Closed gitsridhar closed 3 years ago
@gitsridhar have you used the right RHCOS image with the right code base (eg. rhcos 4.5 with release-4.5 )
@bpradipt I need 4.6, so used release-4.6 branch of the repo with newly uploaded coreos 4.6 image (rhcos-4.6.1-ppc64le).
What is the next step here?
We need the console messages (bootstrap node to start with) to find out what is the reason of not picking the ign files. Could be DHCP issue, ignition version, disk failure, etc.

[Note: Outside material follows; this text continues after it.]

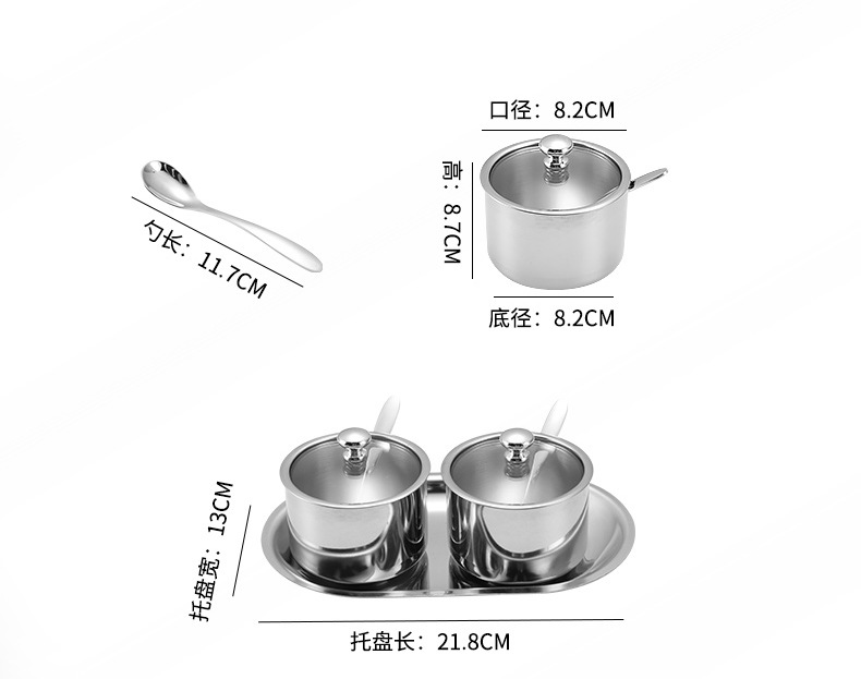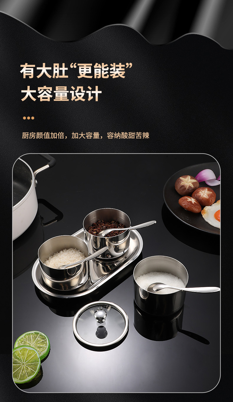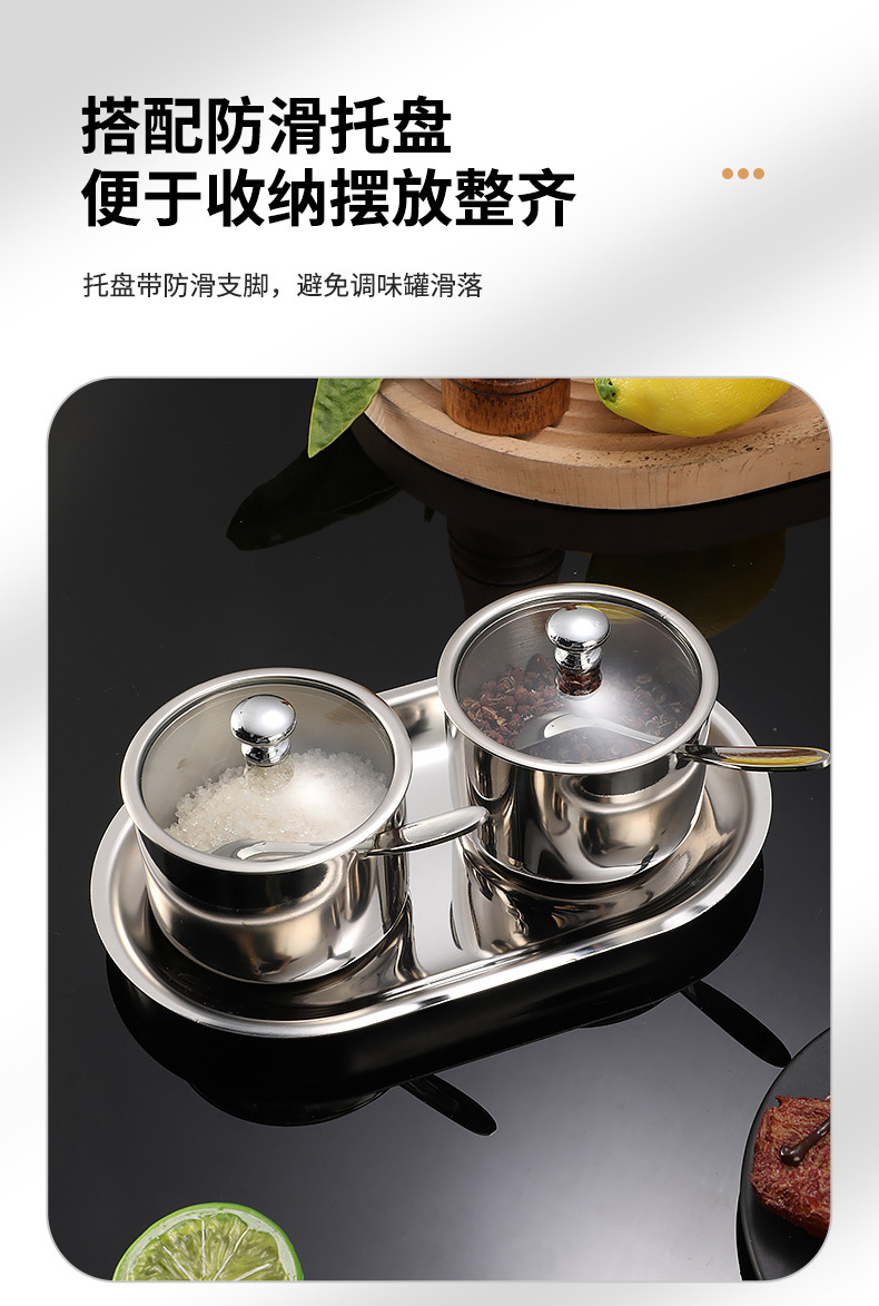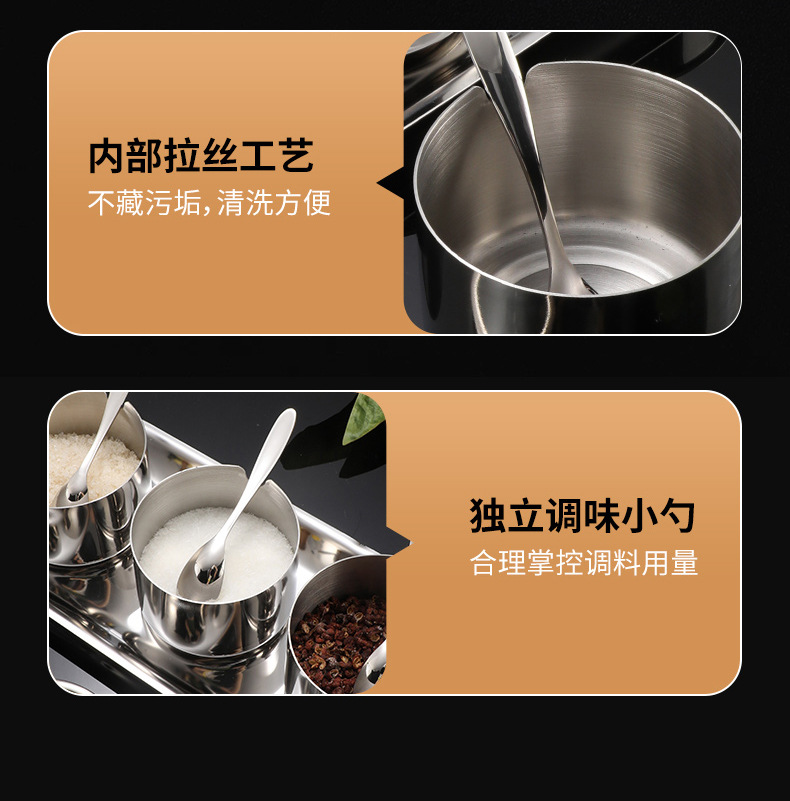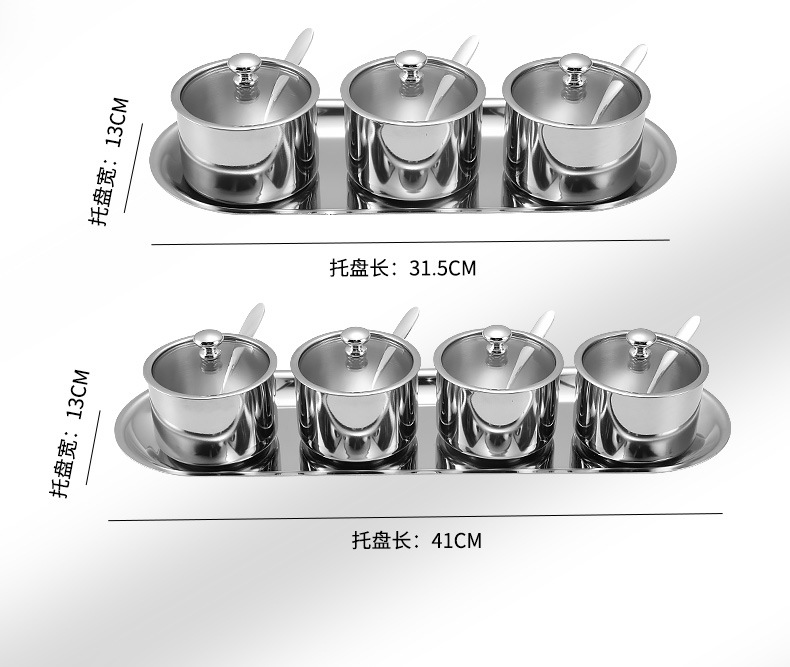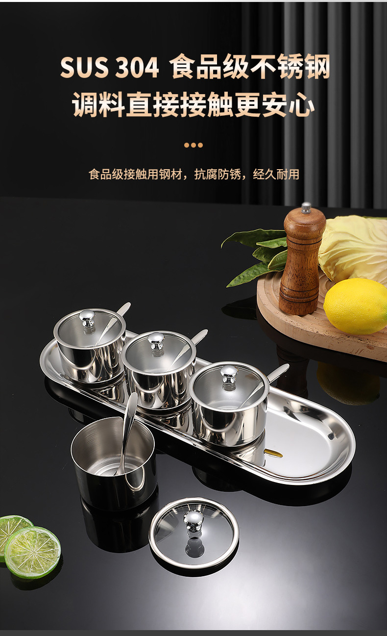 厂家直批新款304不锈钢调料盒带勺子托盘居家厨房用品餐具套装

Yussuf, in lon06, all nodes (bootstrap, master and worker nodes) are in a loop. In bootstrap, it reboots in a loop and in bootstrap as well as master/worker nodes I see this message: 'A start job is running for Ignition (fetch-offline)' and this goes on for 5 minutes followed by another 5 minute silence followed by reboot.
This is the only cluster in lon06, can you access it and look?
This is the only cluster in lon06, can you access it and look?
I do not have access to your resource group. Please check for error messages why the node is going into emergency reboot?
Yussuf, I have access to console of these nodes from web interface, how else can I check the error messages? I copy pasted what I could from web console of these failing nodes above.
Can you please paste the screen shot of the tailing console messages? The part just before it says going into Emergency mode. If nothing then we need to get into a webex and check the errors.
The issue here was that the node was in grub prompt. A reboot usually works or deleting the node and creating again will help if the config drive is not read properly.
I could not deploy OCP 4.6 in London06 zone. All nodes except bastion are in a reboot loop, failing to download ign file.